Pathophysiologically PEP is an iatrogenic acute pancreatitis secondary to ERCP elicited by a series of locoregional and/or systemic inflammatory cascade reactions. Our results showed that blood leukocyte and neutrophil counts exhibited a similar transient increase in both groups, suggesting a nonspecific systemic inflammatory response to ERCP rather than pancreatic stenting. Moreover, the similar improvement in liver function measures, especially those indicative of biliary tract drain sufficiency, between the two groups indicated that additional placement of pancreatic stent had no adverse effect on post-ERCP bile drain. A possible extra benefit of pancreatic stenting was reduction in potential risk of biliary sepsis as shown by the lower percentage of bile microbial culture positivity in the experimental group, although the two groups were comparable in bile leukocyte positivity. A possible explanation is that sufficient pancreatic duct drainage also helps to improve bile duct drainage as the two ductal systems share a common opening to the duodenum. Placement of the pancreatic stent led to sufficient drainage of pancreatic juice through the pancreatic duct to the duodenum, which could reduce the digestive effect of pancreatic enzymes and bacterial colonization through the duodenal papilla. Combined with the inhibitive effect of somatostatin on the Oddi's sphincter, pancreatic stenting could restore the Oddi's sphincter and pancreatic duct drainage [42, 43], which would further inhibit bacterial colonization and invasion.

There were some limitations in this study. First, this study was not investigator-blinded due to the requirement of pancreatic stenting. However, all ERCP procedures were performed by a single endoscopic team in a randomized setting. Secondly, PEP occurrence was not stratified by the severity of pancreatitis, which might underestimate the therapeutic effect of stenting on PEP with respect to PEP resolution time. However, previous reports suggested that ERCP itself was associated with the odds rather than severity of PEP [36]. Lastly, our results demonstrate the mid- or long-term efficacy and safety data after ERCP with or without pancreatic stenting as the primary study objective focused on the prophylactic effect of pancreatic stenting in PEP.
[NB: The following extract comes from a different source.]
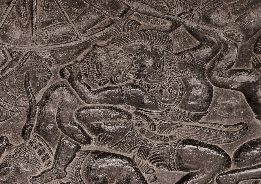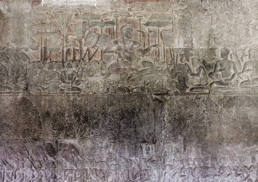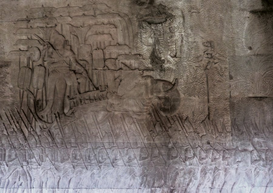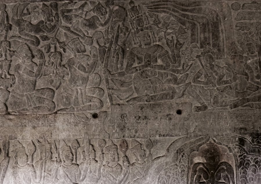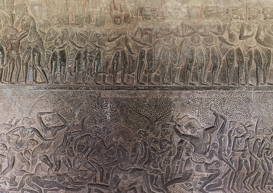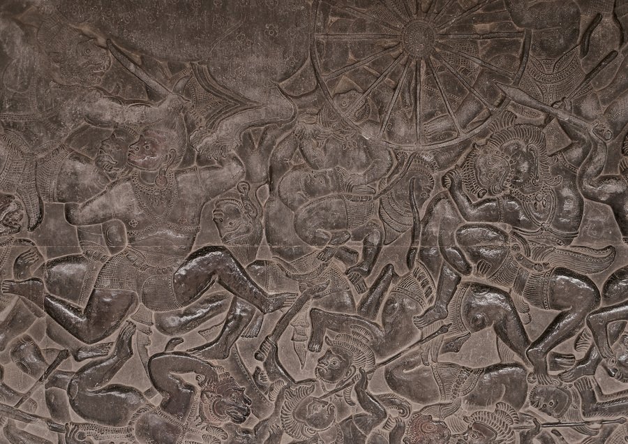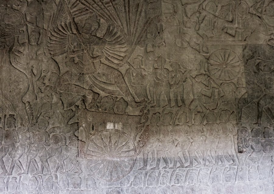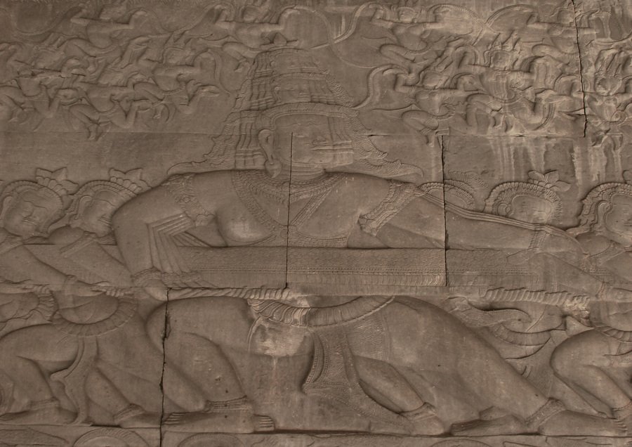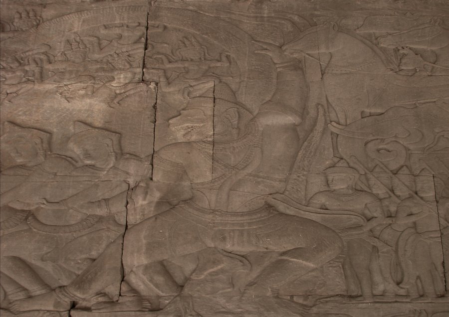 Этот барельеф Ангкор-Вата иллюстрирует один из ключевых эпизодов древнеиндийского эпоса «Махабхарата». Композиция разделена на два яруса, что символизирует противостояние двух армий.

In conclusion, PEP is a common morbidity after ERCP, especially in high-risk patients with complicating CBD disorders. However, use of pancreatic stenting can significantly reduce the PEP risk in these patients by improving pancreatic duct drainage, although it does not expedite recovery from PEP. The presence of a pancreatic stent has a beneficial rather than adverse effect on bile duct drain. Long-term follow-up studies are required to validate the long-term efficacy and safety of additional pancreatic stenting for high-risk patients with complicating CBD disorders regarding PEP and other ERCP-associated morbidities.